死者の臭い
空は夜の闇に沈み、町はもがき苦しむようにでたらめな灯りに満ちている。
僕とエイコは鹿羽組の人たちに連れられ、それぞれ別のバンに乗せられた。バンの車内でコワモテの人たちに傷の手当をされてビクビクしつつも、僕は賀東さんのことを考えていた。
彼はあっけなく死んだ。僕をかばって、背中を刺し貫かれて死んだ。
人が死ぬ瞬間を見るのは千代田先輩以来だったが、思うことに大差は無かった。
(人って、簡単に死ぬんだな……)僕は奇妙に感心した。
人間の体は血の詰まった水風船だ。
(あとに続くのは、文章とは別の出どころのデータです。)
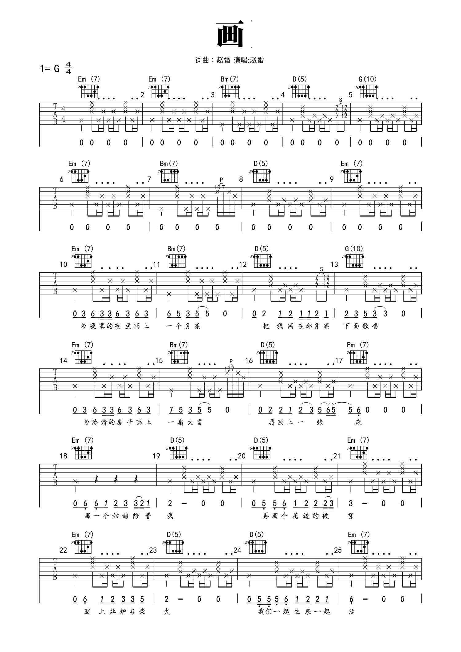 • 画吉他谱 - 赵雷 - G调吉他弹唱谱 - 带吉他教学视频第1张

穴が開けば中身がドバドバと出て、おわり。物理法則にしたがった、極めてシンプルなできごとだ。そう考えると人間の死は、コップがテーブルから落ちて割れるようなもので、なにも特別なものではないのかもしれない。
僕たちの乗ったバンはしばらく走り続け、やがて緩やかに速度をゆるめたかと思うと、やや乱暴に停止した。僕はやくざたちに連れられてバンを降りた。
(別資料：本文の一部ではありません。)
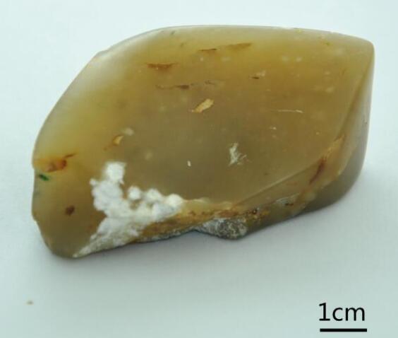 抚顺新宾云母玉以黄色和褐黄色为主色调,该玉石多为冻石,其颜色柔和,质地细腻,具有很高的经济价值。中心研究人员在常规检测的基础上,利用薄片观察、傅里叶转换红外光谱仪、X射线粉末衍射仪、X射线荧光光谱仪及紫外-可见光纤光谱仪等测试技术、对该玉石进行了宝石学特征、矿物组成、显微结构及谱学特征系统分析。结果表明,该玉石主要矿物成分为绢云母,按照国家标准《珠宝玉石 名称》(GB/T16552-2017)可定名为云母玉。

たどり着いたのは、堆肥の製造工場だった。壁で囲まれた、コンクリートの地面のやや広めの場所に大きな建物が立っている。連れられて中に入ると、ムッとする強烈な湿気と強い臭いがたちこめていた。壁際に、いくつか区切られた堆肥の山がある。
僕がそれらを眺めていると、エイコが僕の横に立った。口元だけを隠したマスクを身につけて、強い力のこもった目で堆肥の山を睨みつけている。僕はその迫力に、気圧されるよりも、見入ってしまった。
他のやくざたちが、黒い大きなビニール袋をふたつと、裸にむいた死体をふたつ――404号室の男と、賀東さんだ――抱えてやってきた。彼らはエイコを見、彼女は無言でうなずいた。
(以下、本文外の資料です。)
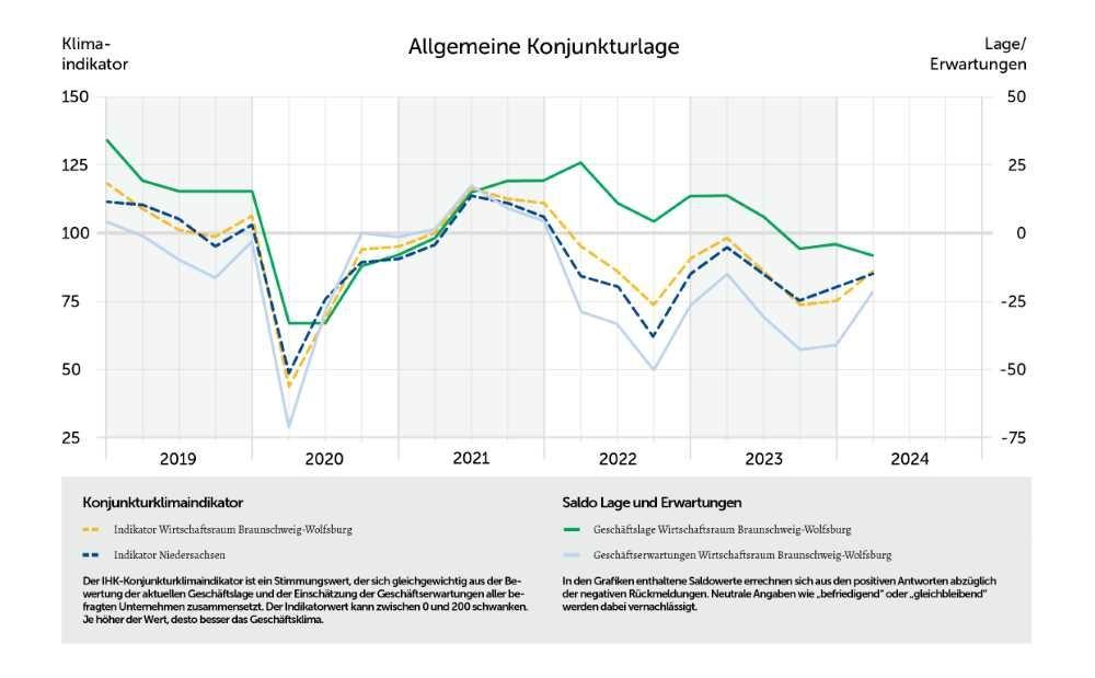 Die konjunkturelle Lage der Unternehmen im Wirtschaftsraum Braunschweig-Wolfsburg bleibt auch im Frühjahr schwierig. Dies zeigt der gemeinsame Konjunkturbericht der IHK Braunschweig und der IHK Lüneburg-Wolfsburg (IHKLW) für das erste Quartal 2024. Zwar konnte der IHK-Konjunkturklimaindikator, der sowohl die aktuelle geschäftliche Lage als auch die Geschäftserwartungen der Unternehmen abbildet, um 10 Punkte zulegen und einen – nach wie vor sehr mäßigen – Stand von 85 erreichen; dieser Anstieg gründet sich aber allein auf die mittlerweile nicht mehr gar so düsteren Geschäftsprognosen für den weiteren Jahresverlauf. Dagegen hat sich die geschäftliche Lage der Betriebe sogar noch einmal verschlechtert. Aktuell bezeichnet nur jeder fünfte befragte Betrieb seine Situation als gut. Etwas mehr als die Hälfte sieht sie wenigstens als befriedigend an, 28 Prozent der befragten Unternehmen beurteilen ihre Situation jedoch als schlecht. Aus den guten und schlechten Lagebewertungen ergibt sich ein Saldo von -8. So schwach war dieser Wert zuletzt vor mehr als drei Jahren ausgefallen.

やくざたちは堆肥の山の中にふたりの死体を埋め、ビニール袋の中に入っていた液体をぶちまけて、スコップで混ぜる。中身は小林ミカだった。
「よく見て」
不意にエイコが言った。
「堆肥の中に混ぜれば、人間の死体なら二日で骨も皮も分解される。服は燃やす。こうやって、死体を処理するんだ」
「へぇ……」
僕は純粋に感心して、やくざたちの作業風景を眺めた。
人間も、ゾンビハートも、あの中に埋めれば、すぐになくなってしまうのだ。その事実に、僕はますます死が単なる物理現象であることの印象をつよめ、また同時に、鼻にからみつくこの臭いが死の臭いなのかと、奇妙に納得した。
「お嬢、すべて滞りなく」
作業が終わって、やくざのひとりがエイコに言った。
「手間をかけたね。私はしばらくここに残るから、私のバイクだけ置いて、先に帰って」
「承知しました、ではお先に失礼します」
やくざはそう言うと、ぞろぞろと建物を出ていく。あとには僕とエイコだけが残された。
二台のバンのエンジン音が聞こえなくなると、あたりはしん、とした静寂に包まれた。
「ねぇ……穂村くん」
互いの呼吸音すらも聞こえるほどの静けさの中、ぽつりとエイコが言った。
「後悔してない?」
彼女は訊いた。僕は頷く。
「してないよ……するもんか」
「そう……ありがとう」
エイコは僕に背を向けて歩きだした。僕があわてて後を追うと、彼女は建物のすみにある、プレハブの小さな小屋に入っていった。僕も中に入る。そこは作業員の詰め所らしく、事務作業用の古いパソコンと、いくつかのパイプ椅子がある。エイコはそれに腰かけた。
「穂村くん」
僕も椅子に座ると、エイコが言った。
「泣き言、きいてくれる?」
僕は頷いた。
「私がなんで『ゼット』をやってるか、言ってなかったっけ」
「……うん」
「そうか、じゃあ、そこからか」
エイコは首を傾げ、僕を見た。その視線はなまめかしく、潤んでいた。